Start of Block

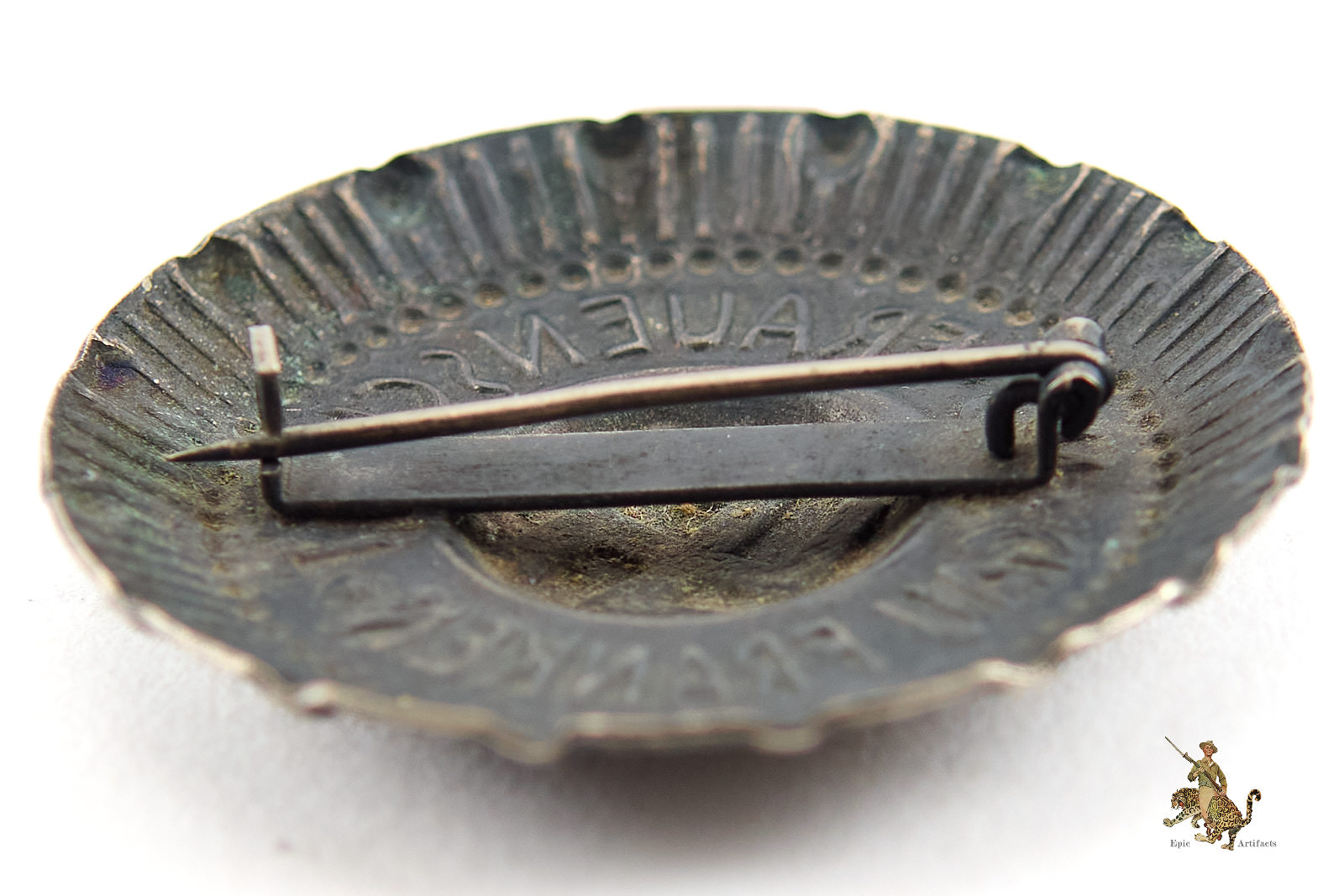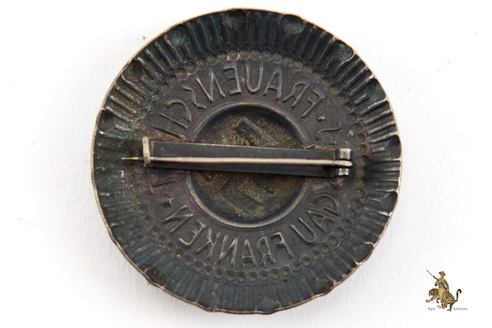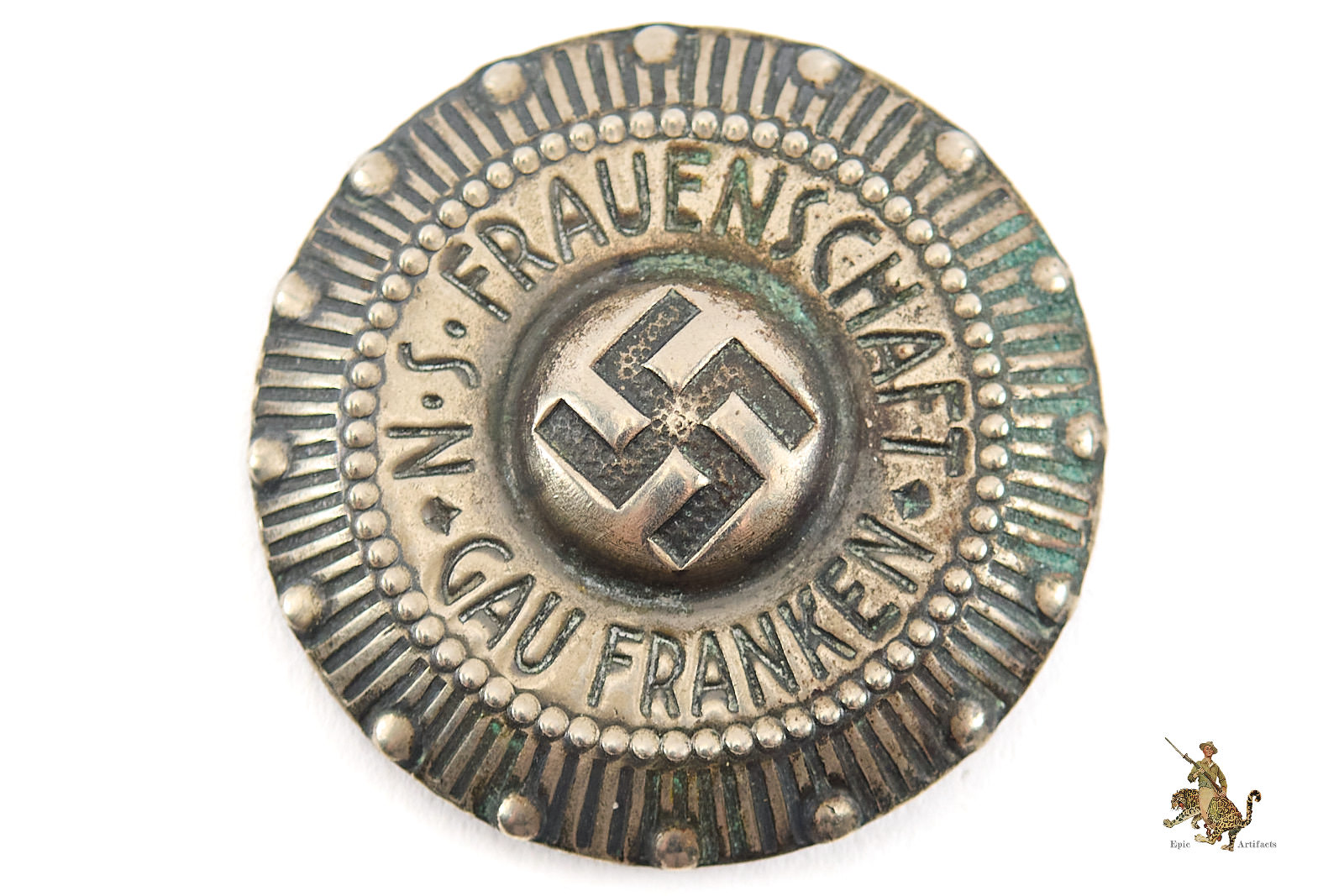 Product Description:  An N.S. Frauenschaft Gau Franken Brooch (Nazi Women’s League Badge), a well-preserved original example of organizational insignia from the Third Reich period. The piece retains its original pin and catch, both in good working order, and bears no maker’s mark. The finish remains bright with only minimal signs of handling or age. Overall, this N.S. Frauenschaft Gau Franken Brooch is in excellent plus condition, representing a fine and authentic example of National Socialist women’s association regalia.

End of Block
Start of Block

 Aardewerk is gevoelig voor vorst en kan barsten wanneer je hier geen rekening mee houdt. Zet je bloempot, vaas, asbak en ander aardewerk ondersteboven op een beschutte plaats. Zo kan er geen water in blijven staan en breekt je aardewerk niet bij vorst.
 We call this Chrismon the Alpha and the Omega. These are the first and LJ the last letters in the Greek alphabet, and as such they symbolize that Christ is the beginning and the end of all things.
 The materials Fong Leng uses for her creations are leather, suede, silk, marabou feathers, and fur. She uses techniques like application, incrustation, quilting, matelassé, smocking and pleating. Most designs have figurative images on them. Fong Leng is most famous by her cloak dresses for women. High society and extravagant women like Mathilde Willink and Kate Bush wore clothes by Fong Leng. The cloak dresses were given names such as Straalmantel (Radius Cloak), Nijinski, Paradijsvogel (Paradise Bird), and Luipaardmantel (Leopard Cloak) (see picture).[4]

End of Block
Start of Block

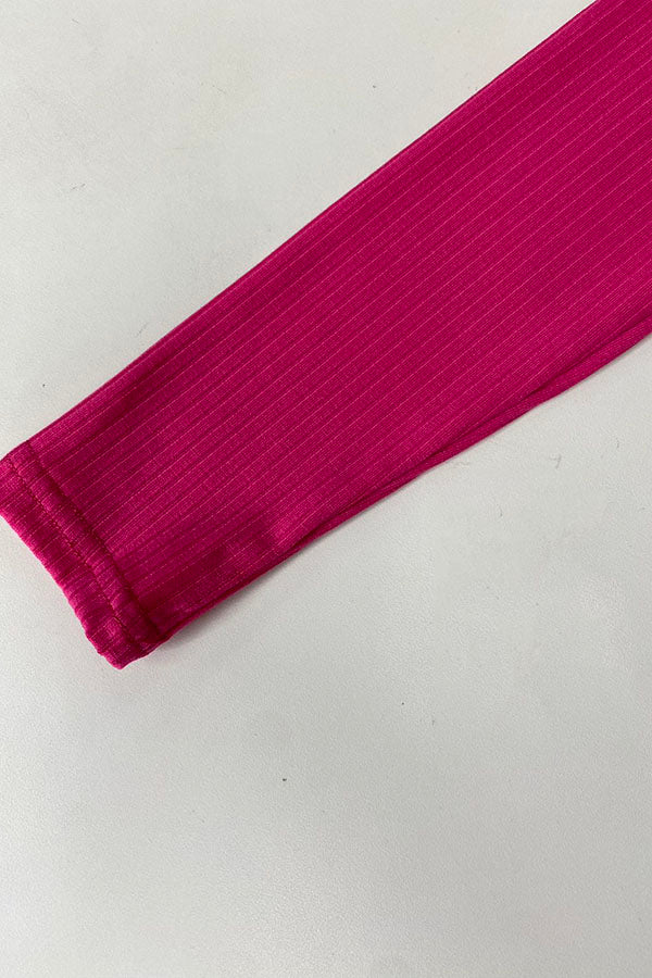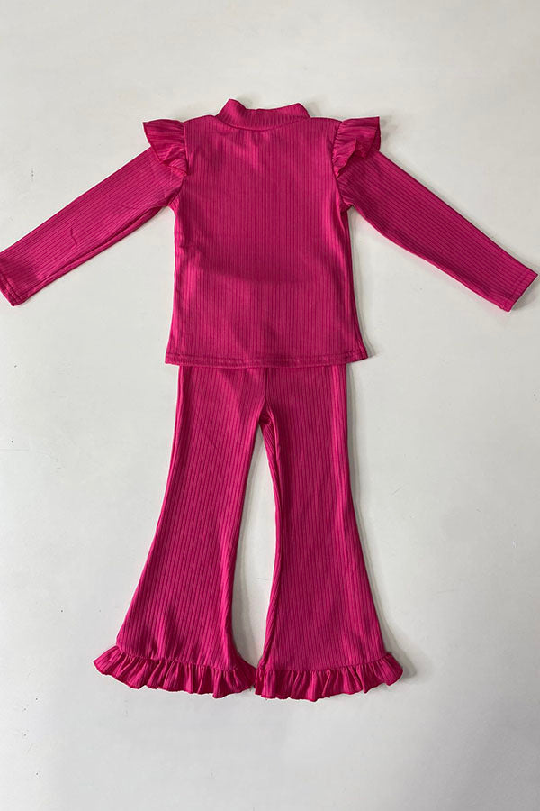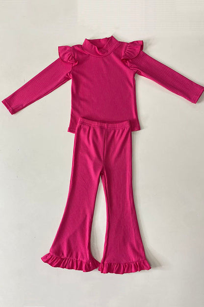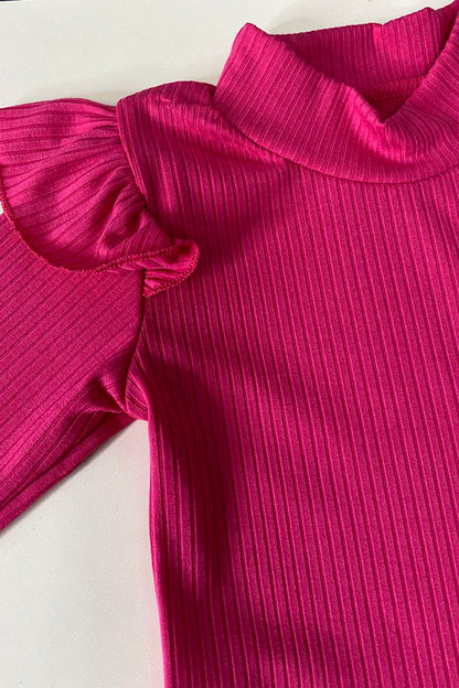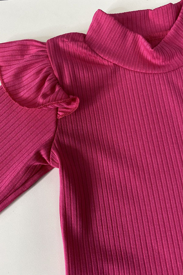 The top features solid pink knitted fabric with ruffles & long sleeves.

End of Block

Would you please copy, word for word, everything above from the line containing "We call this" down to the line containing "The materials Fong", those two lines included?

 We call this Chrismon the Alpha and the Omega. These are the first and LJ the last letters in the Greek alphabet, and as such they symbolize that Christ is the beginning and the end of all things.
 The materials Fong Leng uses for her creations are leather, suede, silk, marabou feathers, and fur. She uses techniques like application, incrustation, quilting, matelassé, smocking and pleating. Most designs have figurative images on them. Fong Leng is most famous by her cloak dresses for women. High society and extravagant women like Mathilde Willink and Kate Bush wore clothes by Fong Leng. The cloak dresses were given names such as Straalmantel (Radius Cloak), Nijinski, Paradijsvogel (Paradise Bird), and Luipaardmantel (Leopard Cloak) (see picture).[4]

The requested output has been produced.